Ancient Glass.
During the early part of the 17th century English glasshouses were predominantly small family-run concerns manufacturing unsophisticated items for domestic or local use. Venetian glassware was coveted by all and sundry, but the export of raw materials and the knowledge of the technology itself from the hive of industry that was glassmaking around the lagoon was supressed to preserve the desirability and exclusivity of the region’s exported pieces. The furnaces of the region were shut down each year from August to January and eventually glassmakers received dispensation to leave the city and seek employment elsewhere for the duration of this hiatus. Others chose to risk the fines, conscription and confiscations that were threatened by the City council to keep them in line, and slowly but surely the previously closely-guarded trade secrets began to percolate across Europe and spawn new centres of manufacture – first in other regions of Italy, then in Austria, Bohemia and ultimately in Belgium and London.

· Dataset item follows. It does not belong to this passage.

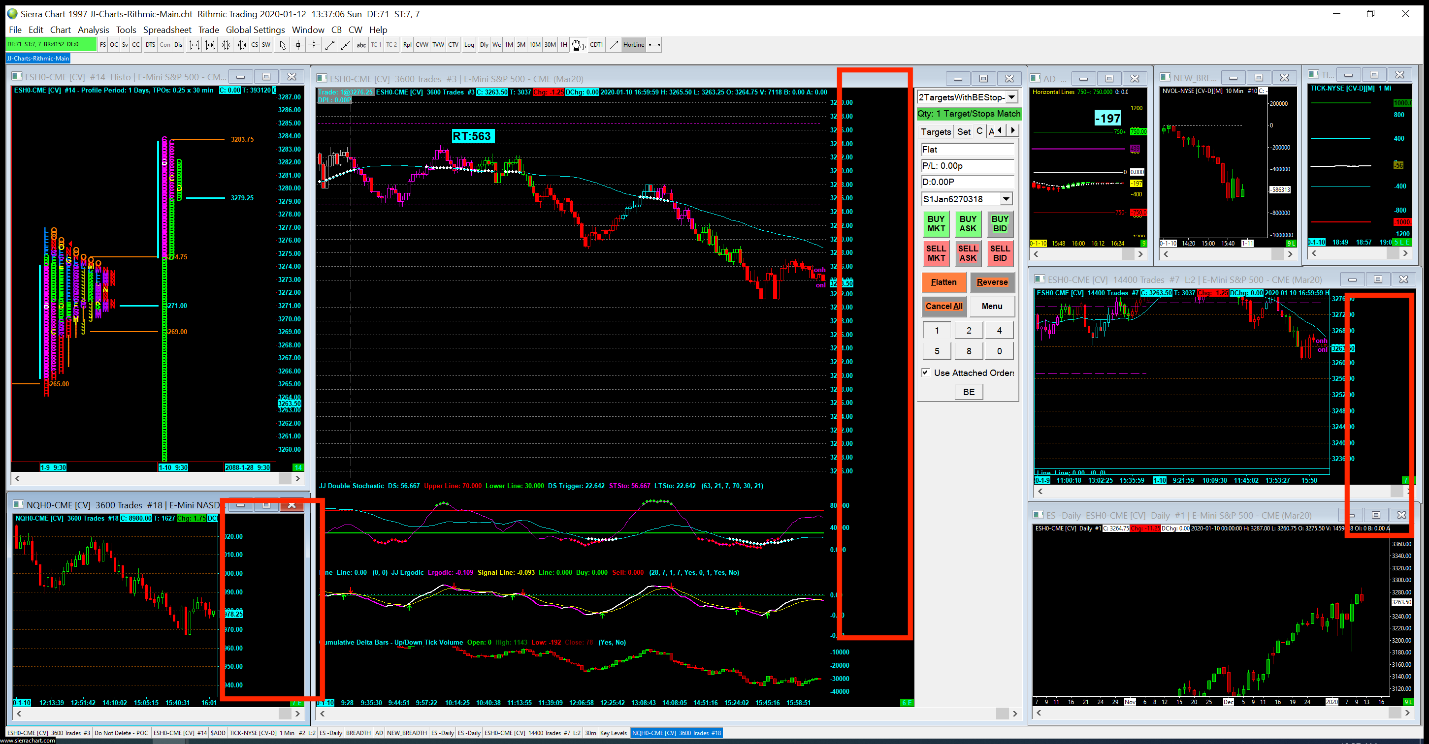 Hi, Can you please tell me how I can get rid of the black space between the scale and the right side edge of the charts. (The RED RECTANGLE I have drawn on the charts.) I am seeing this problem mostly in TICK charts such as 3600Tick etc. But some times I don't see this. I used these charts for ever and never had this problem but seeing this problem just recently. This is NOT the Lock Fill space, I have tried all possibilities with the Lock Fill space and not to any use. Please see the attached pic. Thanks. |

The immigrant workers no doubt brought invaluable insight to the English glassmakers, but they remained unable to replicate Venetian finery due in no small part to the lack of top quality raw materials which were readily available to the master craftsmen in Venice. English glass remained discoloured and tainted by the contamination with smoke and soot from coal-fired furnaces, and even when lead was added to the mix to draw out these contaminants and enhance clarity it often resulted in its own residual yellow tinge if saltpetre was not added to the mixture – it was an ongoing balance of trial and error – not quite alchemy in the truest sense of the word, but experimental chemistry in pursuit of a specific prize nonetheless.
Ravenscroft was already prominent amongst London’s glassmaking community, had previously moved in Venetian circles whilst trading lace there and was refining his methods of manufacturing the highest quality of water-white crystal glass for the production of mirrors. He enlisted the assistance of several former associates from Italy who were able to expand and enhance his knowledge base and his aggregation of information and persistence eventually paid of when in 1674 he was awarded the patent for his new and startlingly clear leaded crystal glass – not a replication of the Venetian product after which it had been fashioned, but a distinct variety of glass entirely which had been fabricated almost by accident as a by-product of wider research. But was this the work of Ravenscroft alone, we await publication of some new research.
And so the point where English glassware could be easily discerned from European products had been reached, and the identifiable early features of our native pieces began to evolve. It was immediately apparent that, although bright, lustrous and clear, the lead glass was slow to cool and therefore difficult to fashion in to intricate shapes in the Venetian style and baluster glasses came very much to the fore. Simple, plain, functional, sturdy, uncomplicated for the most part – they seemed typically English from the very start with their lack of continental sophistication and frippery. Neither could the new glass be blown thinly to provide a suitably delicate and uniform base for engraving, so the development of decoration – as it gradually became more sought after – was by way of shaped knops and balusters to the stems, impressed prunts or crimping and pincering to the surface – pleasingly stolid and reassuringly phlegmatic adornments as befits the staple glassware of perfidious Albion on the cusp of the industrial revolution.